A few moments later, after I surveyed the damage, the CFI explained what happened. He had failed my vacuum pump system, rendering two crucial instruments inoperative. By neglecting my other instruments, namely the turn coordinator, I had inadvertently entered what's known as a graveyard spiral. I'm guessing it's called that because happy endings are few and far between. Mortified and dejected, it was a rough ending to a brutal past few days. There are few things in life as difficult as feeling inadequate, and that's the prevailing emotion after most of these sessions. I want so badly to succeed at this, and to some degree, I already have. Never once did I expect this to be easy, but by the same token, I didn't think anything could be this hard. Why do the things we want the most in life often prove to be the most elusive? This is the question I'm pondering tonight as I pore over airport diagrams and approach charts in hopes that tomorrow's the day of my instrument breakthrough.

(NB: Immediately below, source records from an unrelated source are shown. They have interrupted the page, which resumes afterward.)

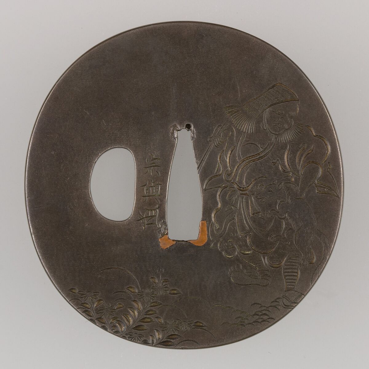 A tsuba is a sword guard and part of a sword mounting. It is mounted between the sword’s blade and grip to protect the user’s hands.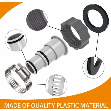 【adaptateur piscine intex de haute qualité】 adaptateur piscine intex 32 38 est fabriqué en matière plastique résistante à la corrosion, robuste et durable. L’anneau en caoutchouc s’adapte parfaitement au tuyau de 1,25″ pour créer un espace étanche pour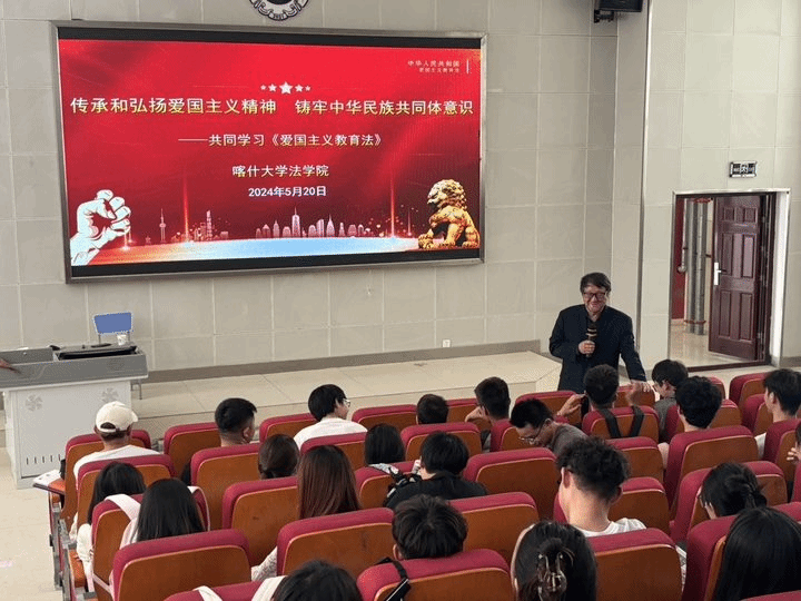 德全英教授的讲座以深入学习贯彻《中华人民共和国爱国主义教育法》为主题,从制定爱国主义教育法的必要性和重要意义、立法指导思想、主要内容以及新疆开展爱国主义教育的实践、大学生如何结合专业贯彻师生爱国主义教育法等方面展开。

Despite repeated failures in the sim, my resolve remains stronger than ever. I can, and will, do this. Even though the road ahead remains long and grueling, I've already come so far. It's a daily battle to fight through the negativity and self-doubt-in flight school, confidence is like gold, and finding it is often a struggle, but when it DOES arrive, there is nothing you cannot do. I'll let you know when I get there. With the check ride still a few weeks off, there's ample time to keep searching. And even in the midst of the long hours of study, perpetual setbacks, and the constant wondering of whether I have it in me, I still, without a doubt, love to fly. That trumps all else.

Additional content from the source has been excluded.